The is a lot of confusion and a host of myths about what Paid Search is for.
- Some feel like good SEM will lead to good SEO (there is virtually no relationship).
- Some feel like it will provide virtually unlimited growth to their business.
- Some feel like it will be all they need.
We will review some of these beliefs and try to set PPC in its proper context, and explain what we mean about fishing!
Demand Capture, Not Creation
Think of demand and interested users as fish and then the metaphor illustrates the difference between Paid Search and just about every other digital ad medium.
Paid Search is you as an advertiser with a bunch of nets trawling through the Web’s ocean, catching demand (fish). You use different nets (keywords or match types, for instance) to catch different forms of demand. You target parts of the ocean where the right types of people/fish will be. But Paid Search does not cultivate the fish nor provide the environment for the fish to breed.
Display, email and social advertising are the fish farm in this metaphor. They seed and feed the fish/demand and send them out into the open ocean for Paid Search to catch them.
Offering a novel service? Maybe push YouTube and display ads to drive awareness that such a new thing exists.
Launching a new company/new product/new product line? Perhaps drive your brand socially and through banner ads to stimulate searches and soften up people to search ads they’ll see later.
Non-marketing efforts, like word-of-mouth and similar organic sources, are the naturally occurring fish food floating about in the ocean. But the real impetus is given by the cultivation performed by the non-paid-search channels.
Unlimited Growth
PPC’s strength is in its transparency and efficiency. But PPC in terms of growing a business is reliant on two vital factors in how much it can really grow revenue:
- Is your site well-designed enough to drive visitors to convert at a good enough rate that you afford to pay for traffic?
- Is your profit margin robust enough that a significant chunk of it can be used to attract traffic to the site?
You wouldn’t spend a fortune on a Formula 1 car and not inflate the tires, so spending on PPC with a flawed site or business model makes no more sense than that.
The consequences of have razor thin margins are very little ability to cope with any rise in CPCs due to competition or other influence, and very little scope to bid enough and so get you enough traffic to be worth it.
If your site has a problem turning visitors into clients/customers, then any form of traffic buying is only going to bleed you dry.
The flip side is that if these criteria are strong, you’re going to make a lot of money through well-run PPC!
Furthermore, if you are a well-established online business and brand, SEM alone cannot get you a huge swathe of new customers because you’re already in position to profitably capture the existing demand (assuming a well-run campaign). This takes us back to the fishing metaphor.
Paid Search Going Solo
To address the supposition that Paid Search might be the only tool you need, you can see from the fishing concept that Paid Search really needs active marketing elsewhere to reach its full potential.

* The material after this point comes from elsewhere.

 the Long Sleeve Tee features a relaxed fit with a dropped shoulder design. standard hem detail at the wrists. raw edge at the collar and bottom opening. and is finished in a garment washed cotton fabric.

There’s certainly demand out there, and it will be captured by PPC, but you will face a natural limit unless you supplement this channel with many other marketing and advertising initiatives.

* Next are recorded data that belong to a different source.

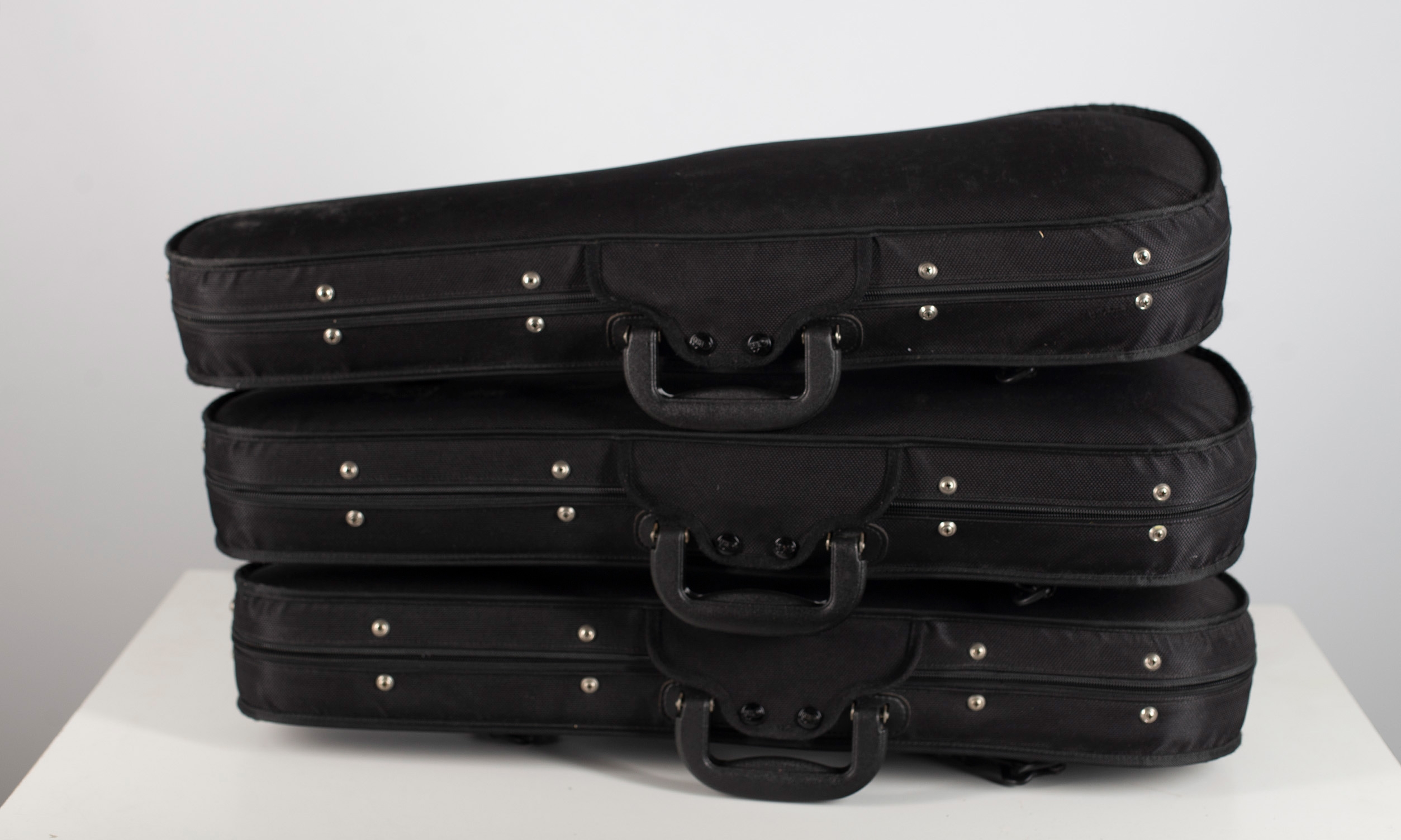 Three black half-size violin cases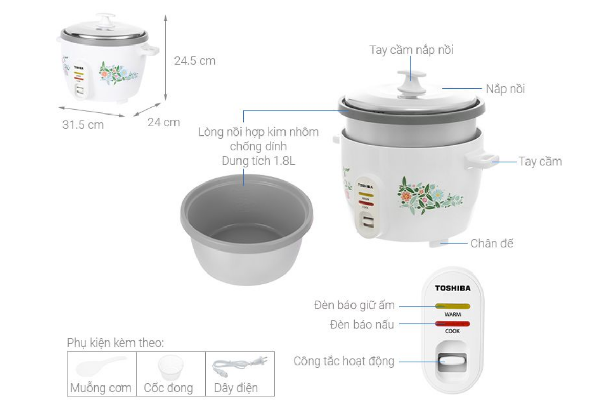 I. Khám phá chi tiết thiết kế và dung tích ưu việt của Nồi cơm điện Toshiba RC-18MH1PV(F)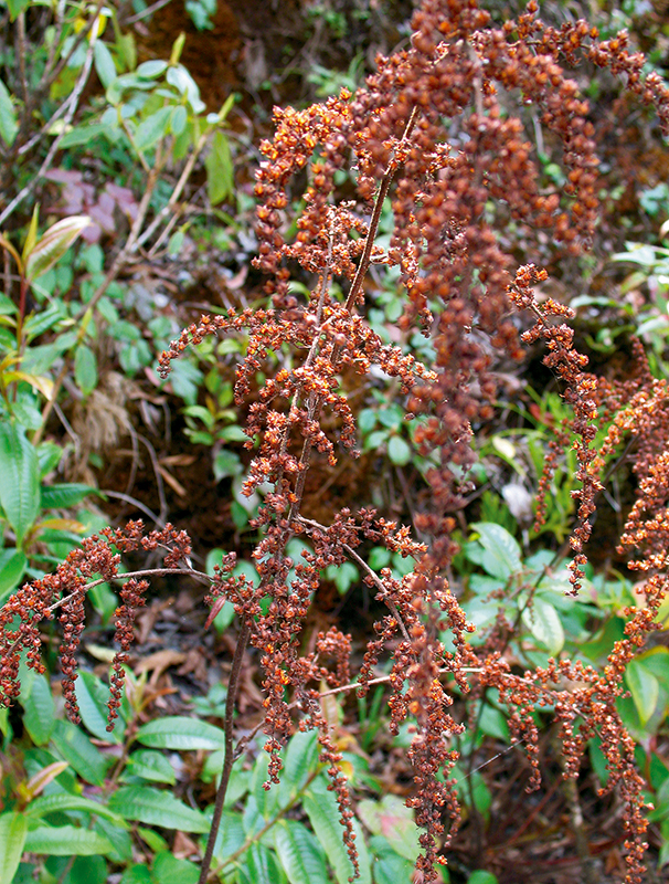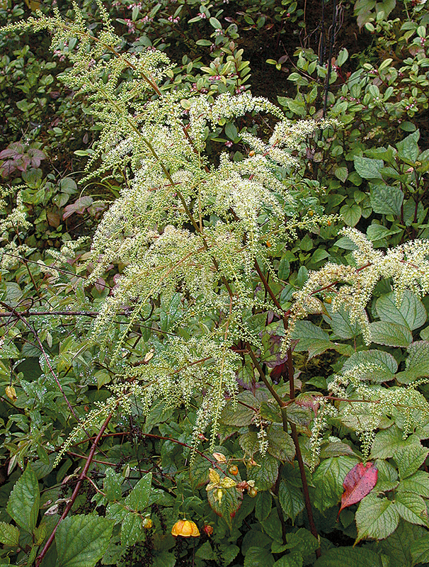 ไม้ล้มลุก สูงได้ถึง 2.5 ม. มีเหง้า มีขนยาวและขนต่อมสีน้ำตาลหนาแน่นตามลำต้น เส้นแขนงใบด้านล่าง แกนใบ และช่อดอก หูใบบาง ติดที่โคนก้านใบ ยาวได้ถึง 2 ซม. ปลายแยก 2 แฉก รูปสามเหลี่ยม ยาว 4–6 มม. ใบประกอบมี 3 ใบย่อย 2–3 ชั้น เรียงเวียน ก้านใบประกอบยาว 15–40 ซม. ใบย่อยรูปไข่ รูปไข่กลับ หรือรูปสี่เหลี่ยมข้าวหลามตัด ยาว 4–14.5 ซม. ปลายแหลมยาว โคนกลมหรือเว้าตื้น ขอบจัก แผ่นใบด้านบนมีขนแข็งประปราย ก้านใบย่อยไร้ก้านหรือยาวได้ถึง 2 ซม. ช่อดอกแบบช่อแยกแขนง ออกที่ยอด ยาวได้ถึง 40 ซม. ใบประดับ 3 อัน ยาวประมาณ 2 มม. ขอบจัก ดอกสีขาวหรือสีแดง ก้านดอกยาว 1–2 มม. ใบประดับย่อยขนาดเล็ก กลีบเลี้ยง 4–5 กลีบ รูปไข่ ยาว 1–2 มม. ส่วนใหญ่ไม่มีกลีบดอก หรือมี 1–2 กลีบ ขนาดเล็ก เกสรเพศผู้ 5–12 อัน ก้านชูอับเรณูยาว 2–3 มม. อับเรณูกลม มี 2 คาร์เพล เชื่อมติดกันที่โคน พลาเซนตารอบแกนร่วม ก้านเกสรเพศเมียสั้น กางออก ผลแห้งแตก กางออก ยาว 4–5 มม. เมล็ดขนาดเล็ก จำนวนมากพบที่อินเดีย ภูฏาน เนปาล จีนตอนใต้ พม่า ลาว และเวียดนาม ในไทยพบทางภาคเหนือที่ดอยอินทนนท์ จังหวัดเชียงใหม่ ขึ้นตามที่โล่งชายป่าดิบเขาสูง ความสูง 2400–2500 เมตร รากมีสรรพคุณแก้ท้องเสีย บิด และโรคไขข้อ ใบสดเคี้ยวแก้ปวดฟันสกุล Astilbe มีประมาณ 18 ชนิด พบในอเมริกาเหนือและเอเชีย ในไทยมีชนิดเดียว ชื่อสกุลมาจากภาษากรีก “a” ไม่มี และ “stilbe” เป็นมันวาว ตามลักษณะดอกและใบ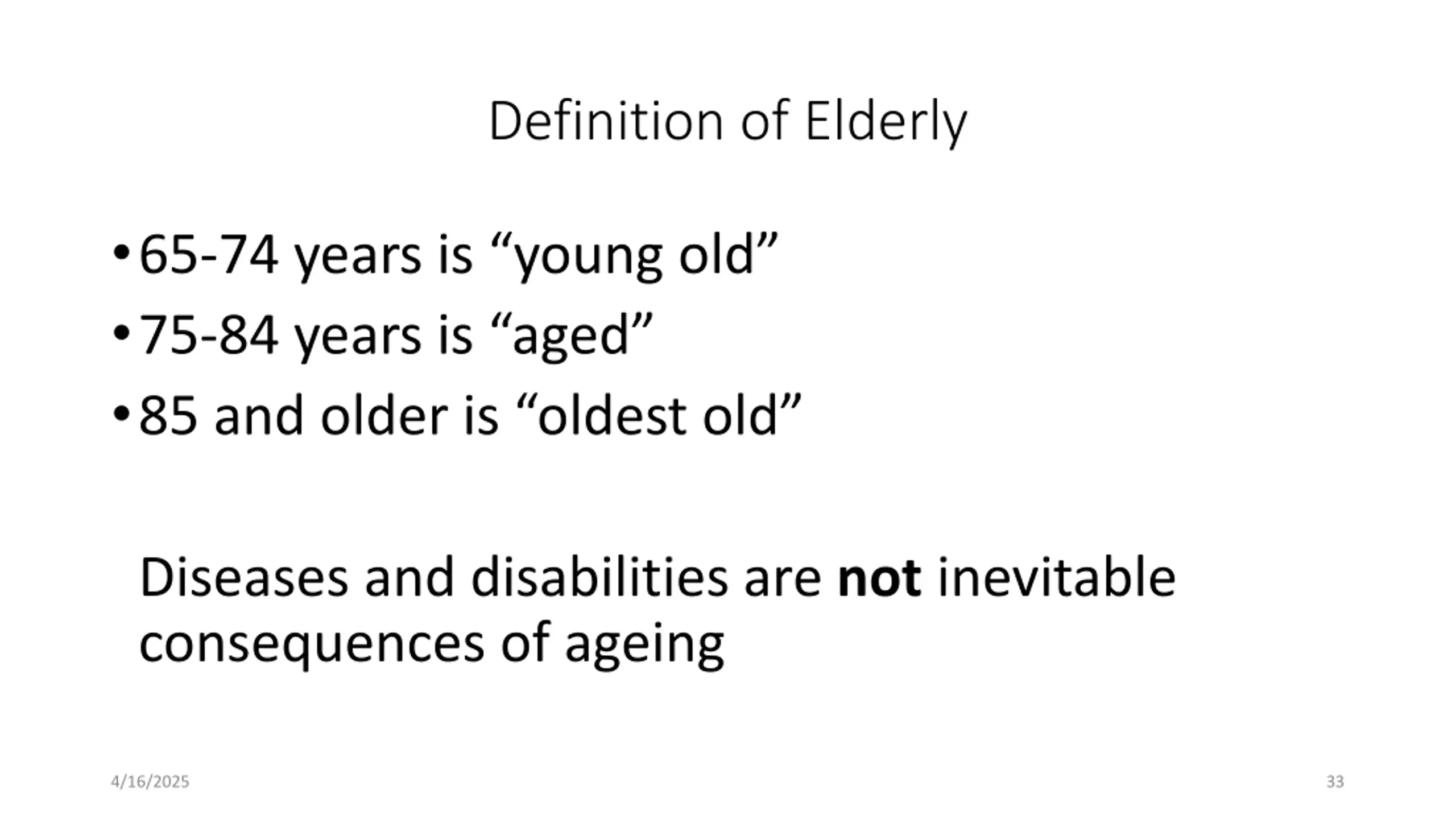 Definition of Elderly 65-74 years is young old 75-84 years is aged 85 and older is oldest old Diseases and disabilities are not inevitable consequences of ageing 4/16/2025 33

Even in these days of in-market audiences in search and Remarketing Lists for Search Ads (RLSA), ultimately, if there’s no demand, there’s no search your Paid Search ads will be triggered by.
Prove It
Don’t just take our word for it, cross-channel attribution tools like Wizaly and Adobe Marketing Cloud can prove to you that Paid Search is only a fragment (but an important one) of your total marketing mix that is responsible for your online sales.